Today I wanted to share with you an update on our garden and herbs. Lots of pictures, little text.
Gardening is hard work, but very rewarding. The kids get a huge thrill watching the little green shoots struggle to the surface.
Nothing tastes sweeter than the plants that you have grown and labored over. Whether you use them simply or in gourmet fusion combinations, they are a delight. I hope that this update inspires you to try some gardening on your own.

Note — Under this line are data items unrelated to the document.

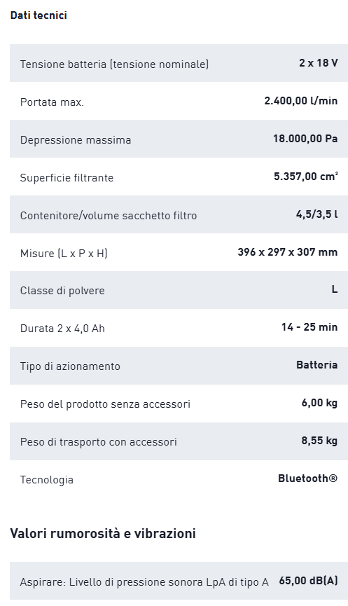 - funzione Bluetooth® per accensione a distanza dell'aspiratore con utensili a batteria
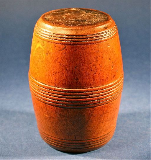 A very collectible little barrel shaped match striker box. The lid had a striker to the base at one time. The strike is on the underside in the form of a paper attached under the barrel. Thi...
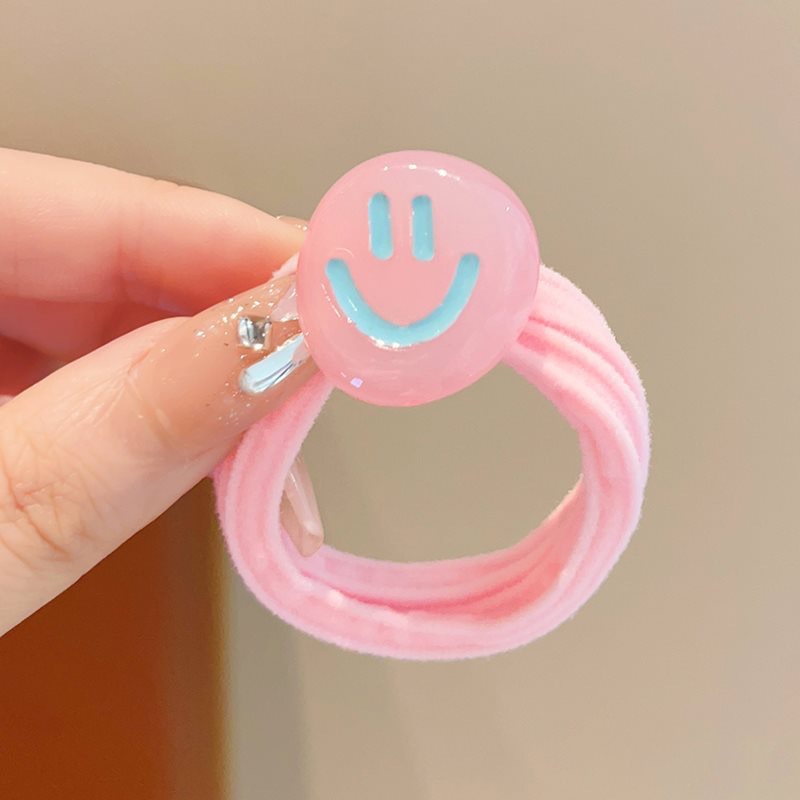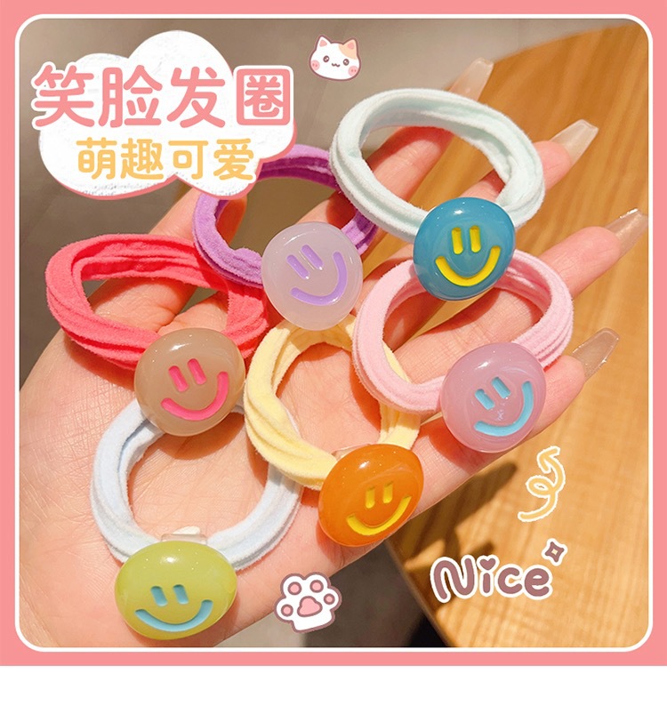 달콤한 미소 얼굴 수건 반지는 머리를 다치게하지 않습니다 높은 탄성 헤어 로프 헤어 반지 헤어 스트랩 소녀 캔디 헤어 로프 헤어 액세서리
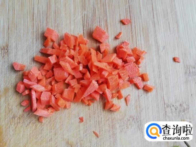 胡萝卜碎放入锅中翻炒,炒至胡萝卜出油
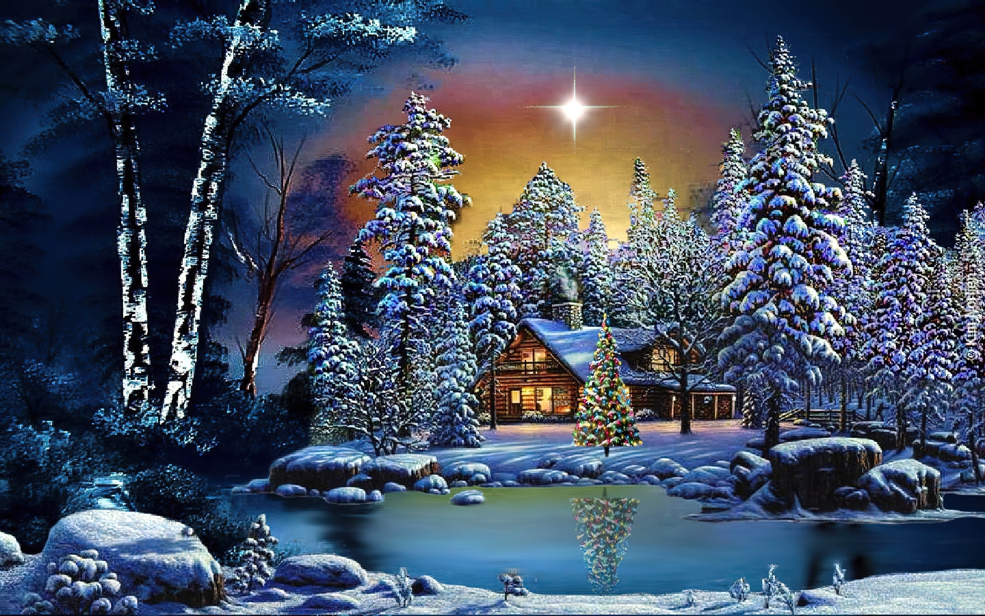 Edytor tapety: Rzeka, Drzewa, Domek, Zima, Święta
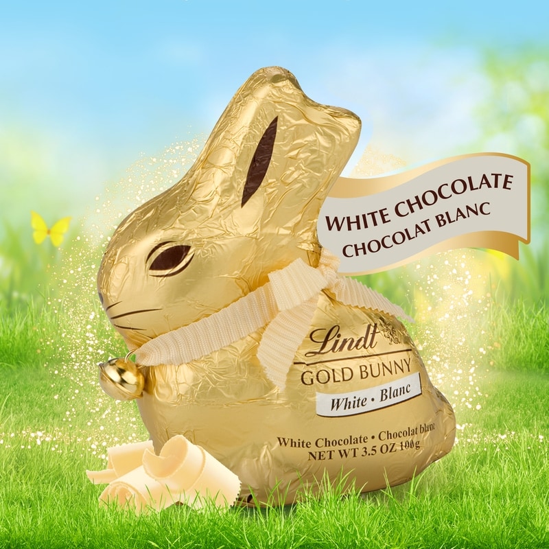 Make Easter moments magical with the Lindt GOLD BUNNY White Chocolate Easter Bunny, a delightful and delicious Easter treat. Made of Lindt’s gourmet Swiss white chocolate, the hollow chocolate bunny comes all dressed up for the holiday in gold foil with a white ribbon and a golden bell that rings. Lindt’s premium chocolates are perfect for sharing with family and friends and make a great addition to Easter baskets and egg hunts. Make sure to store chocolate in a cool, dry place to ensure quality.
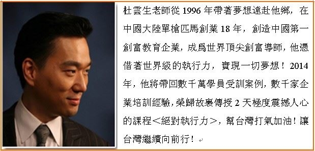 有人問我,杜老師你精通銷售、演講,爲什麽這次選定執行力這個主題?因爲我知道台灣人民最需要的不是銷售、領導、策略、演講、激勵,台灣人民現在最需要的是真真正正的執行!執行!還是執行!
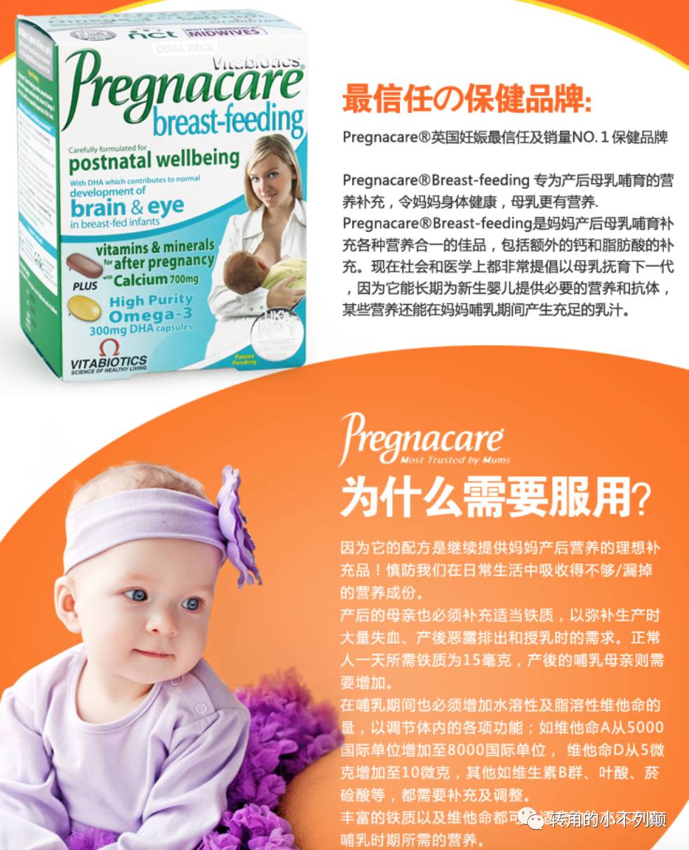 Pregnacare女性产后哺乳期复合维生素含有丰富的钙质、DHA以及维生素D3 K,以及其他身体所需的微量营养素,有助于母体产生健康营养的乳汁,从而保证宝宝摄取更加全面的营养。额外的钙和脂肪酸的补充能长期为新生婴儿提供必要的营养以及所需的抗体,增加宝宝的免疫力,促进宝宝身体健康。两盒包邮,469元;四盒更划算,839元。
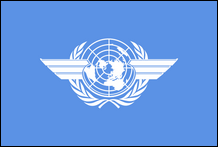 Flagge der Internationalen Zivilluftfahrtorganisation Die Internationale Zivilluftfahrt-Organisation (ICAO), eine Sonderorganisation der Vereinten Nationen, legt die Grundsätze und Techniken der internationalen Flugsicherung fest und fördert die Planung und Entwicklung des internationalen Luftverkehrs, um ein sicheres und geordnetes Wachstum zu gewährleisten. Der Hauptsitz befindet sich im Quartier International in Montreal, Quebec, Kanada. Die Flagge der Internationalen Zivilluftfahrt-Organisation ist die der Vereinten Nationen, mit über dem Emblem überlagerten Pilotenflügeln. |
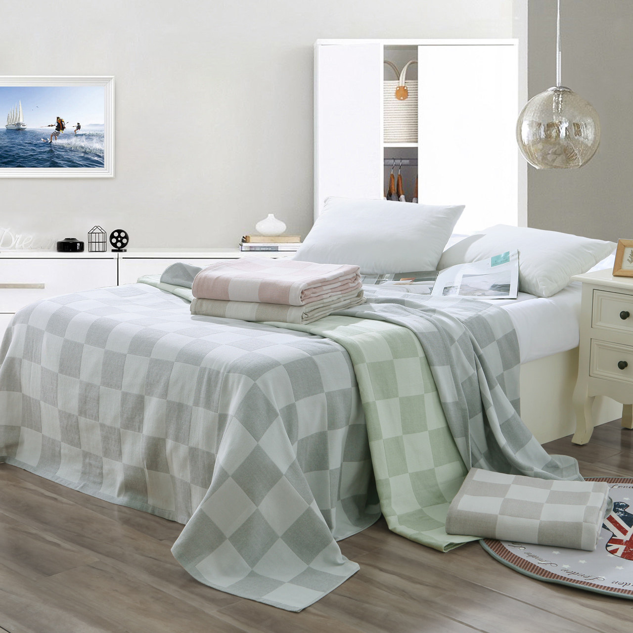 金号毛巾被纯棉A类双层纱布盖毯床单绗缝夏凉多功能毯办公空调毯
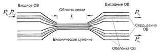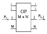 | Оптический разветвитель представляет собой пассивный оптический многополюсник, имеющий M входных и N выходных оптических полюсов, в котором оптическое излучение, подаваемое на какой-либо входной оптический полюс, распределяется в заданном соотношении между выходными его полюсами. Наиболее часто применяются разветвители 1×2 (Y-типа); 2×2 (X-типа); звездообразные разветвители 1×N и N×N (N = 8, 16, 32). | Рис. 4. Представление волоконно-оптического разветвителя как пассивного оптического многополюсника. |
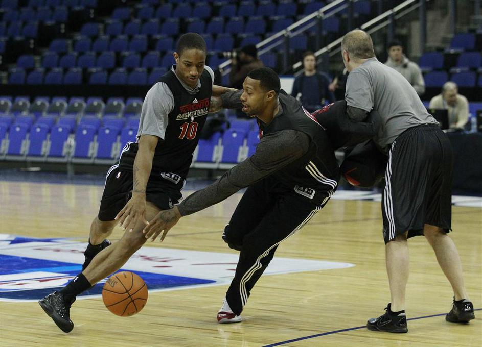 Zvečer so dvorano za trening zasedli še DeMar DeRozan in njegovi Raptorji.

This year I planted several varieties of basil: lime, lemon, purple, Thai and lettuce leaf.  All were planted in containers, but I also planted Thai and lettuce leaf as seedlings to be planted in the garden.  One can never have too much pesto…


Coriander (cilantro)


This is the same chive plant I have had for 6 years.  It just continues to grow.  We use it most often for eggs with goat cheese.


Container garden is great for greens.  In this case, swiss chard.  Unfortunately, our son accidentally tipped the pot when the plants were still young and we lost several.  I will get more seeds and plant them after these are harvested.


More basil.

DSC01445Sage (same plant for 4 years).  This year I am going to try making a sage pesto.  More basil and some thyme.


Broccoli, carrots (yellow), peppers, leeks and strawberries.




Spring veggies:  Snap peas (several batches harvest already!), golden beets, purple carrots (variety dragon), red beets.


Golden beets and carrots


Oh, these beautiful carrots!


Red beets


Mounds of cucumbers (two varieties), golden and green zucchini (planted 2 days ago!)


Garlic!  And yes, we’ve already delved into the scapes!